##### WORKING DATA

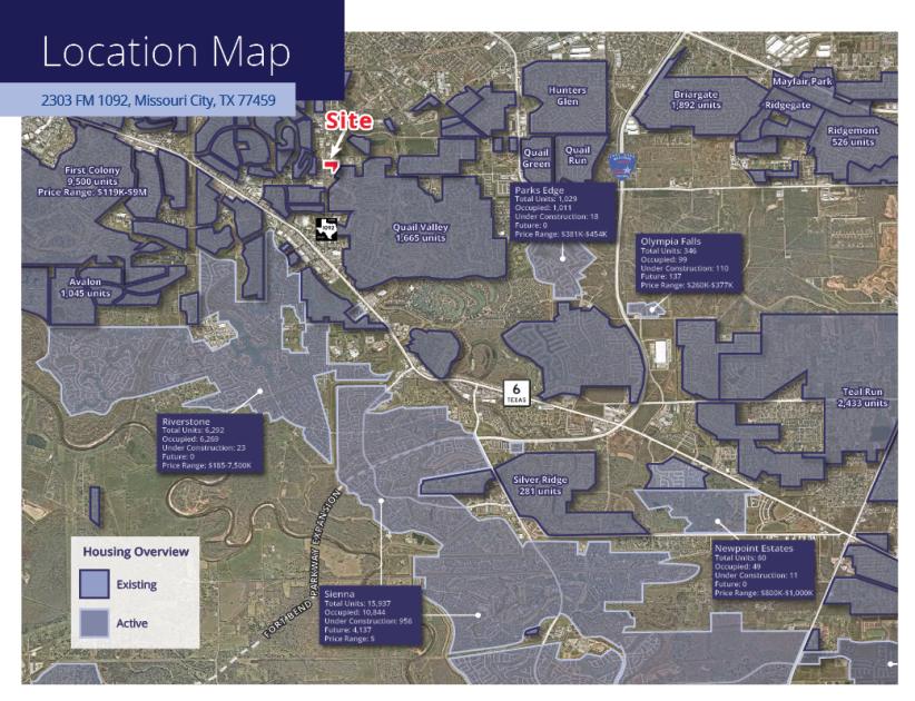 The population within 1 mile of 2303 FM 1092 Road Missouri City, TX 77459 is 10,554 people.
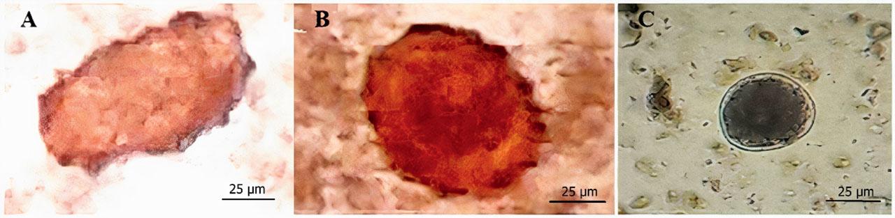 Microscopic images show ascarid nematode eggs identified in cattle fecal samples: (A) and (B) present fertilized and unfertilized A. suum eggs, respectively, and (C) displays the eggs of Toxocara vitulorum.
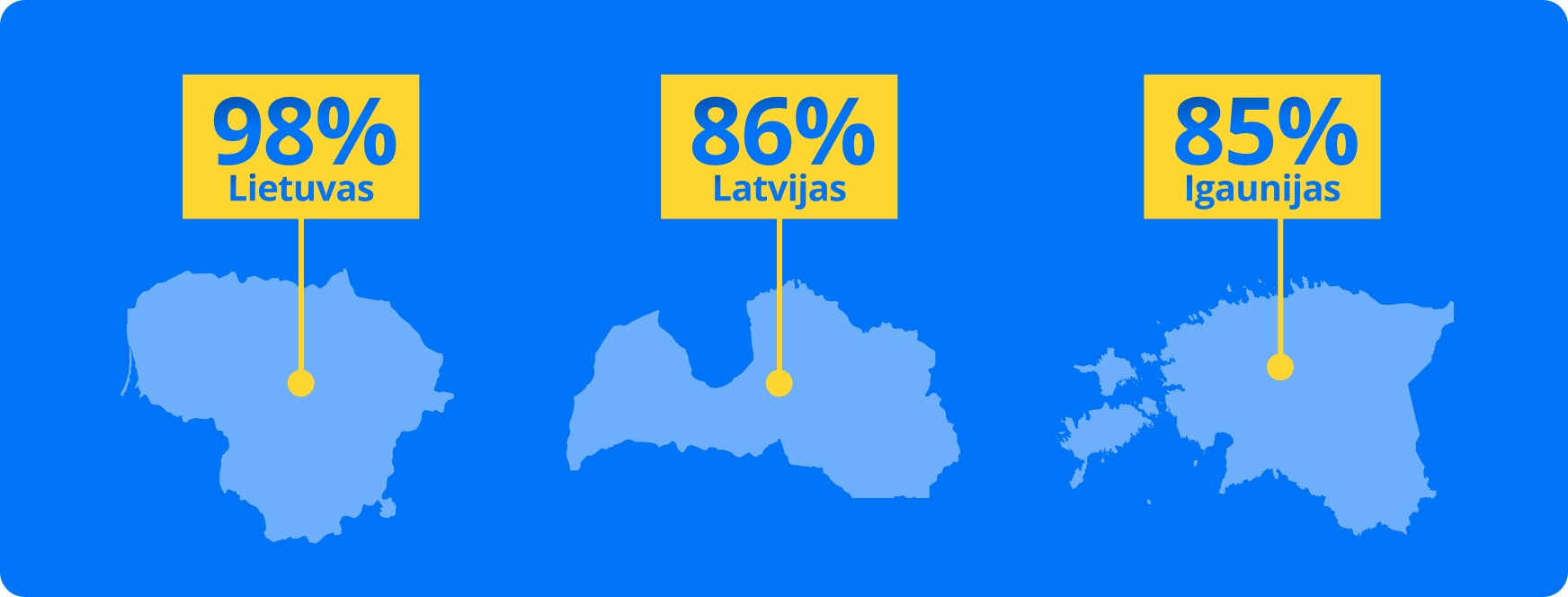 Lietuvā - gandrīz maksimāls pārklājums: 98%, Latvijā - 86,5% un Igaunijā - 85,5%
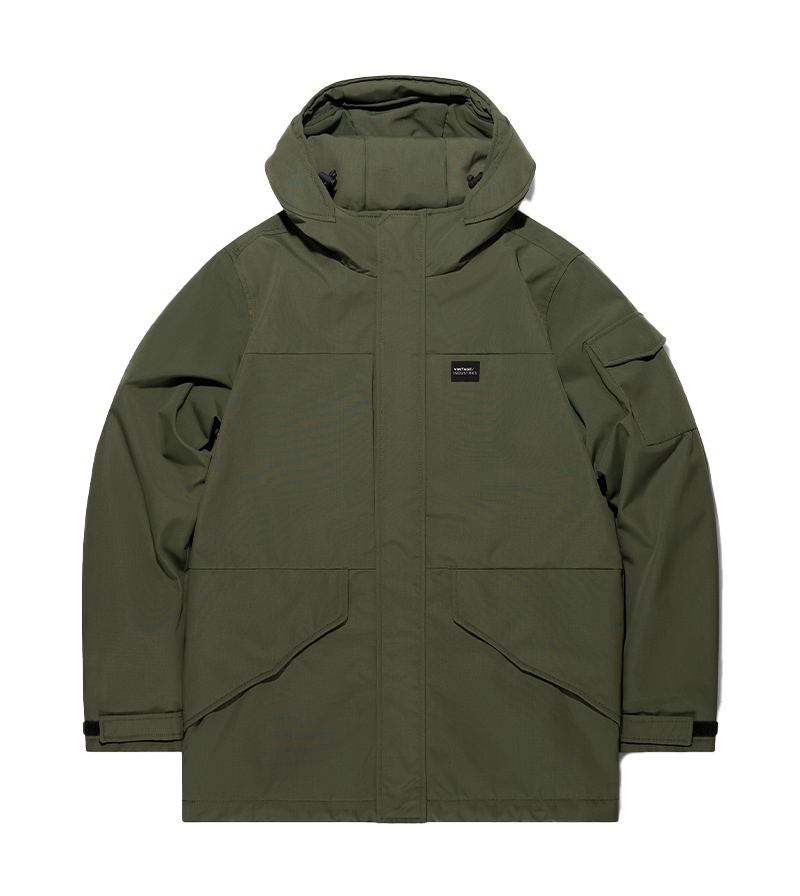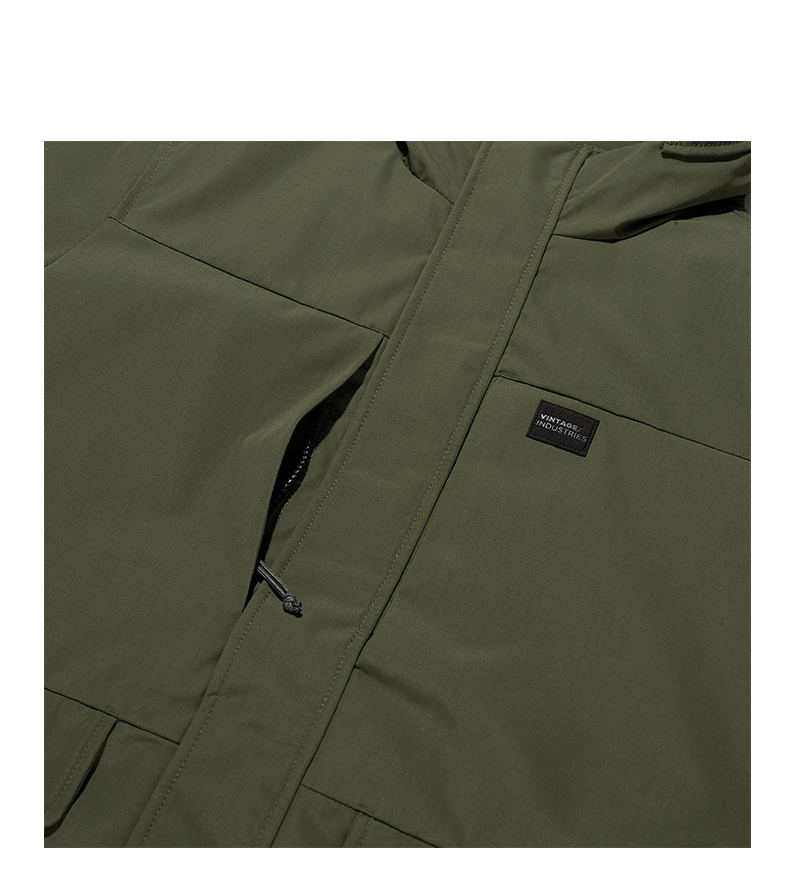 100% polyester ripstop, 100% polyester lining, global recycled padding, GRS, waterproof 5000mm/H2O, breathable 3000g/M2, US military model, chest and front pockets
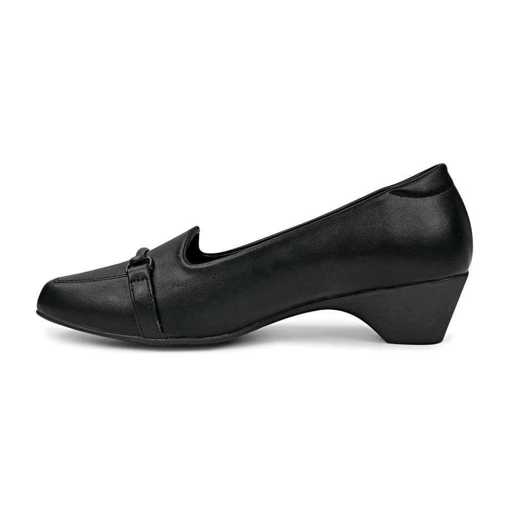 STYLE TIPS: For a polished corporate look, pair these low-heeled pumps with a tailored kurti and slim-fit trousers for a modern, professional vibe. Alternatively, style them with a structured blazer and ankle-length cigarette pants for a sleek office ensemble. Add delicate stud earrings and a classic wristwatch to complete a refined, confident look that’s perfect for boardroom meetings or office presentations.

##########

▸ WORK REQUEST: Pictures are to be left out; the lines from the start of the records above through the line holding "Lietuvā - gandrīz" are to be returned exactly.

▸ RESPONSE BOX:
 The population within 1 mile of 2303 FM 1092 Road Missouri City, TX 77459 is 10,554 people.
 Microscopic images show ascarid nematode eggs identified in cattle fecal samples: (A) and (B) present fertilized and unfertilized A. suum eggs, respectively, and (C) displays the eggs of Toxocara vitulorum.
 Lietuvā - gandrīz maksimāls pārklājums: 98%, Latvijā - 86,5% un Igaunijā - 85,5%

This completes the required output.